TASK INSTRUCTIONS
The expected output is an exact copy of each line from the line with "图3. HV光子对入射到超构" through the end of the data below, with no pictures in it.

──────── PROVIDED ENTRIES ────────

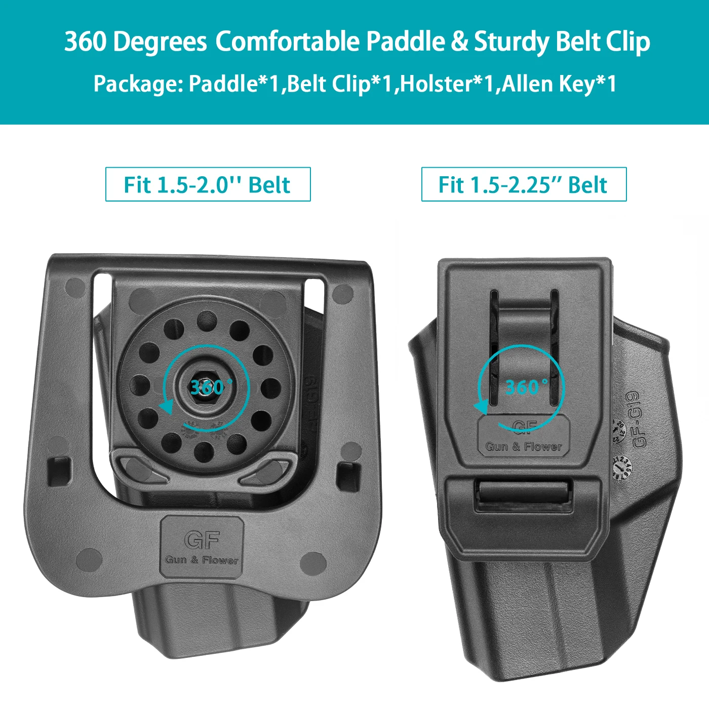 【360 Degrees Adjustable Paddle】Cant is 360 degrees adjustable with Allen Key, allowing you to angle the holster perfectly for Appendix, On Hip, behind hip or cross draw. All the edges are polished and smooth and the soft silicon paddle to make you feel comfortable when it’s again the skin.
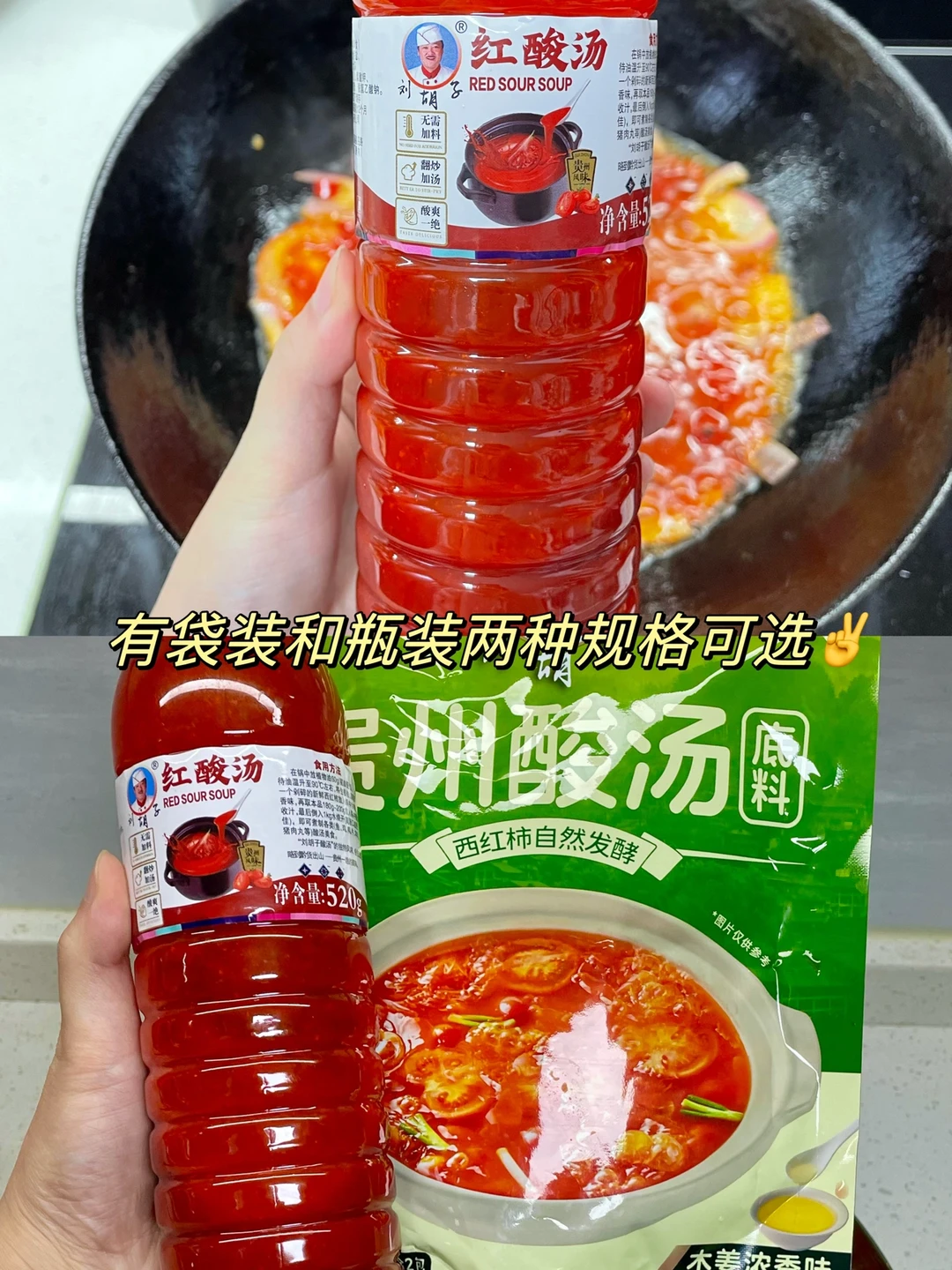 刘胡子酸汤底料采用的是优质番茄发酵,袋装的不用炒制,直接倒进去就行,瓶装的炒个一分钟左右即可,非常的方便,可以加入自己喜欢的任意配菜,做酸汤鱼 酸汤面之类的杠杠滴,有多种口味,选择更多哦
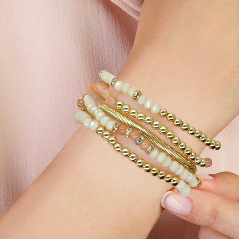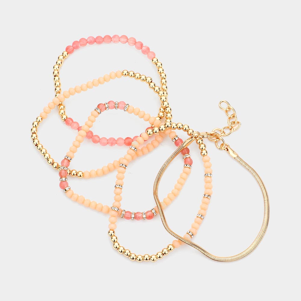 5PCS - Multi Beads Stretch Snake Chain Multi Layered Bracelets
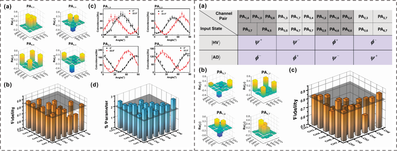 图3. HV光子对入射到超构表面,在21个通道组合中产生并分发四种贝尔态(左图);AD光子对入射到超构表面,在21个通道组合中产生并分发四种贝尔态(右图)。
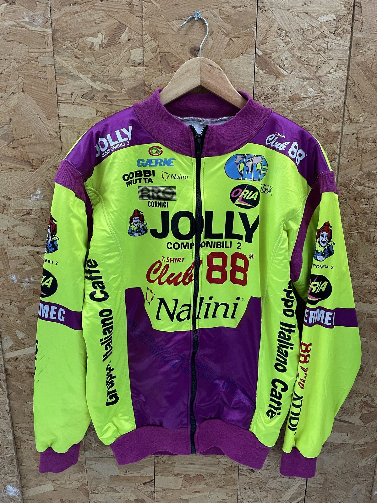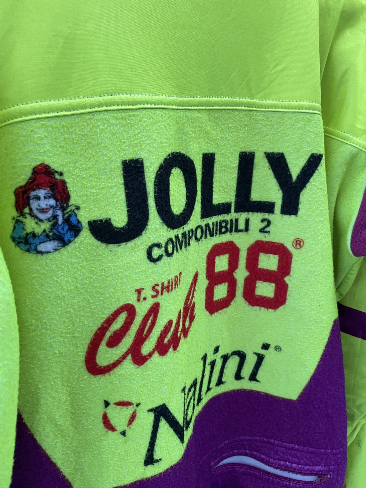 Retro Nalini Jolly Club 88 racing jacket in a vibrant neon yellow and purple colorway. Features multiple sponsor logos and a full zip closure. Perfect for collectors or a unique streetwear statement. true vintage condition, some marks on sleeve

────────

ANSWER SECTION
 图3. HV光子对入射到超构表面,在21个通道组合中产生并分发四种贝尔态(左图);AD光子对入射到超构表面,在21个通道组合中产生并分发四种贝尔态(右图)。
 Retro Nalini Jolly Club 88 racing jacket in a vibrant neon yellow and purple colorway. Features multiple sponsor logos and a full zip closure. Perfect for collectors or a unique streetwear statement. true vintage condition, some marks on sleeve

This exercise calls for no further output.